Information supplied ->
# # #
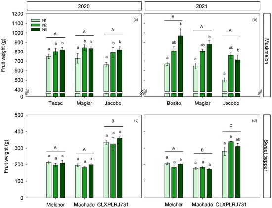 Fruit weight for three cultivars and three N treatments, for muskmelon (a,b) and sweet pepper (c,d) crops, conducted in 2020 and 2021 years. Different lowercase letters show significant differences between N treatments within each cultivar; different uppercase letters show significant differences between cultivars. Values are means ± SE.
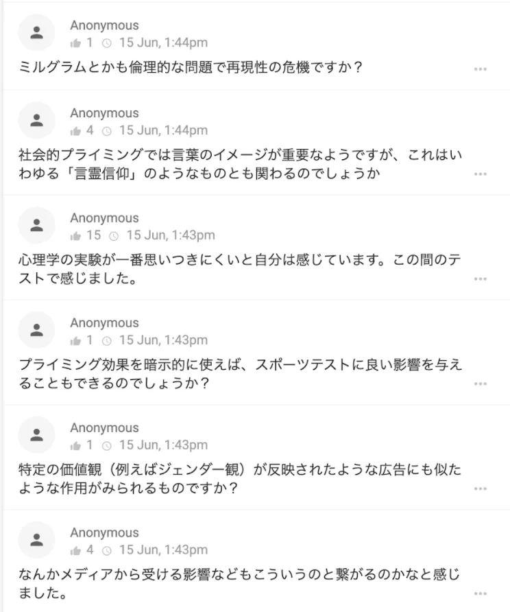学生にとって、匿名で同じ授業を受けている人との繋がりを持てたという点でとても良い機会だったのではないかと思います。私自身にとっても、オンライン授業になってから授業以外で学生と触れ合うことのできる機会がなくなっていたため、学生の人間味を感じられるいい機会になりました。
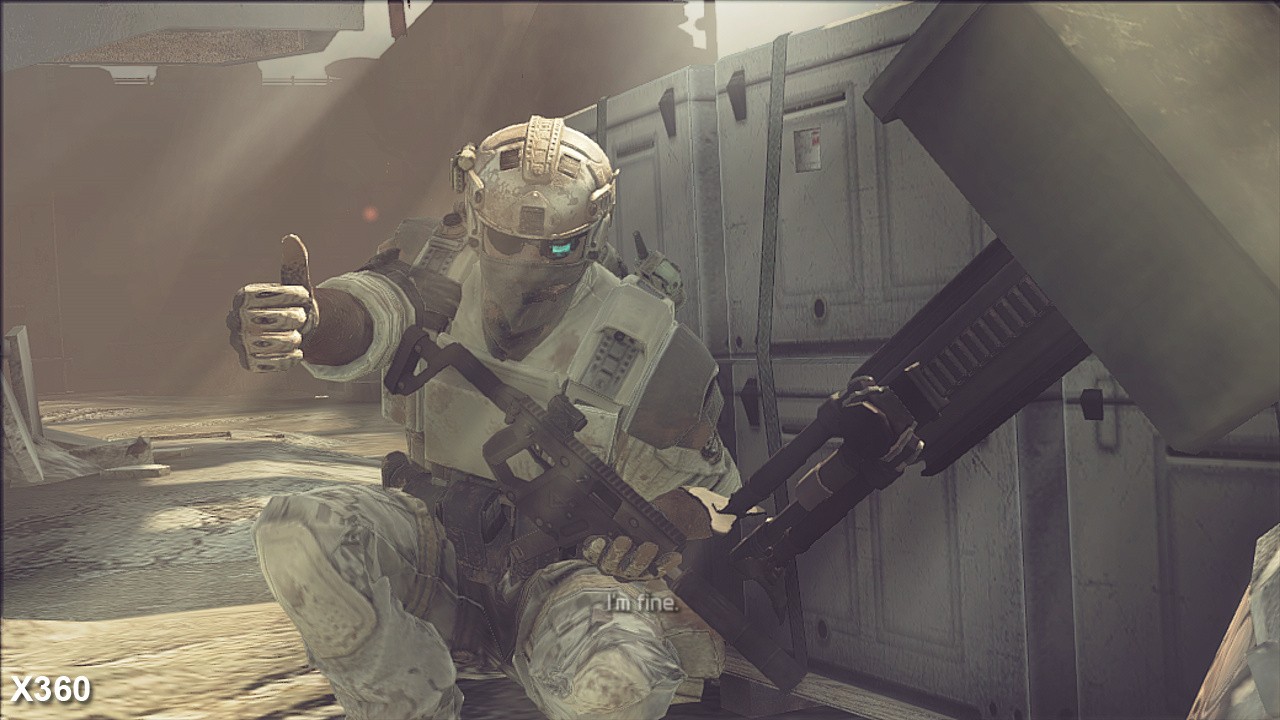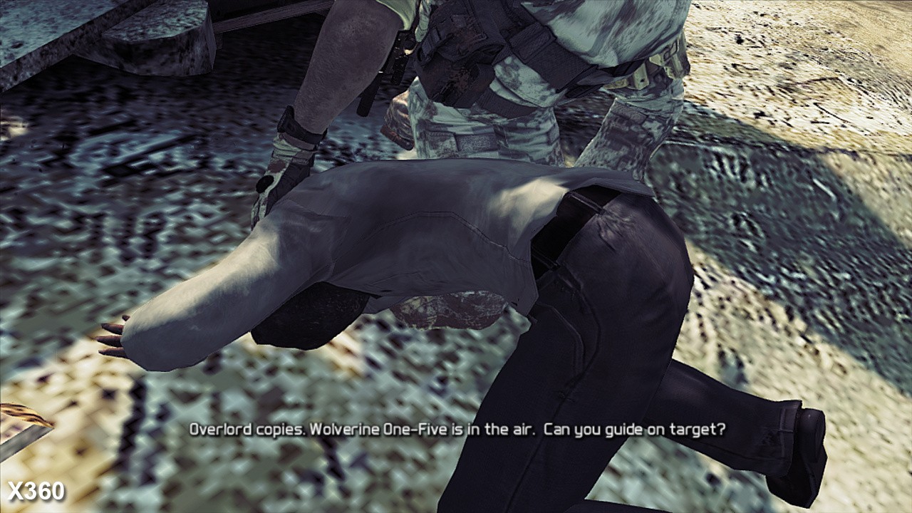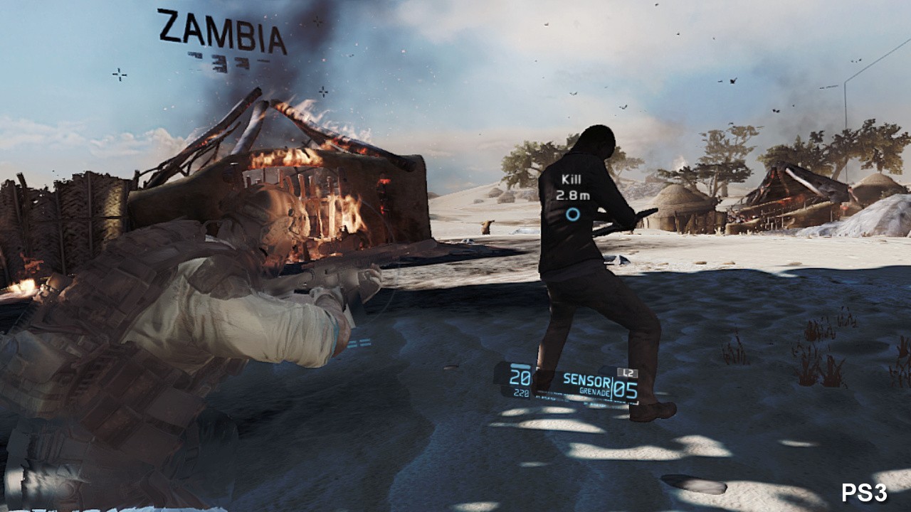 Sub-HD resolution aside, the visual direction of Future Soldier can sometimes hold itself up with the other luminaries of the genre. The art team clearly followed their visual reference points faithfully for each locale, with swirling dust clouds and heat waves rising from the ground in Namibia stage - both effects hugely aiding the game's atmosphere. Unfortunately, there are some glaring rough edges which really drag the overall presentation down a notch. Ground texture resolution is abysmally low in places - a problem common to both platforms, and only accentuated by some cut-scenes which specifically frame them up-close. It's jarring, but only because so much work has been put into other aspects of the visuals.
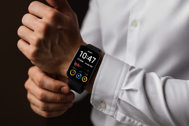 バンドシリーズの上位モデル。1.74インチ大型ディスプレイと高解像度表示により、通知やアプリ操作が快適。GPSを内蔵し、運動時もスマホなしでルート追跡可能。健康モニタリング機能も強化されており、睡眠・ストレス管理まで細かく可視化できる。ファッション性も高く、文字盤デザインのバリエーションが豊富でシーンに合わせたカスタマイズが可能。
# # #
In your copy of the material, match every word exactly and include no pictures.

Written answer ->
 Fruit weight for three cultivars and three N treatments, for muskmelon (a,b) and sweet pepper (c,d) crops, conducted in 2020 and 2021 years. Different lowercase letters show significant differences between N treatments within each cultivar; different uppercase letters show significant differences between cultivars. Values are means ± SE.
学生にとって、匿名で同じ授業を受けている人との繋がりを持てたという点でとても良い機会だったのではないかと思います。私自身にとっても、オンライン授業になってから授業以外で学生と触れ合うことのできる機会がなくなっていたため、学生の人間味を感じられるいい機会になりました。
 Sub-HD resolution aside, the visual direction of Future Soldier can sometimes hold itself up with the other luminaries of the genre. The art team clearly followed their visual reference points faithfully for each locale, with swirling dust clouds and heat waves rising from the ground in Namibia stage - both effects hugely aiding the game's atmosphere. Unfortunately, there are some glaring rough edges which really drag the overall presentation down a notch. Ground texture resolution is abysmally low in places - a problem common to both platforms, and only accentuated by some cut-scenes which specifically frame them up-close. It's jarring, but only because so much work has been put into other aspects of the visuals.
 バンドシリーズの上位モデル。1.74インチ大型ディスプレイと高解像度表示により、通知やアプリ操作が快適。GPSを内蔵し、運動時もスマホなしでルート追跡可能。健康モニタリング機能も強化されており、睡眠・ストレス管理まで細かく可視化できる。ファッション性も高く、文字盤デザインのバリエーションが豊富でシーンに合わせたカスタマイズが可能。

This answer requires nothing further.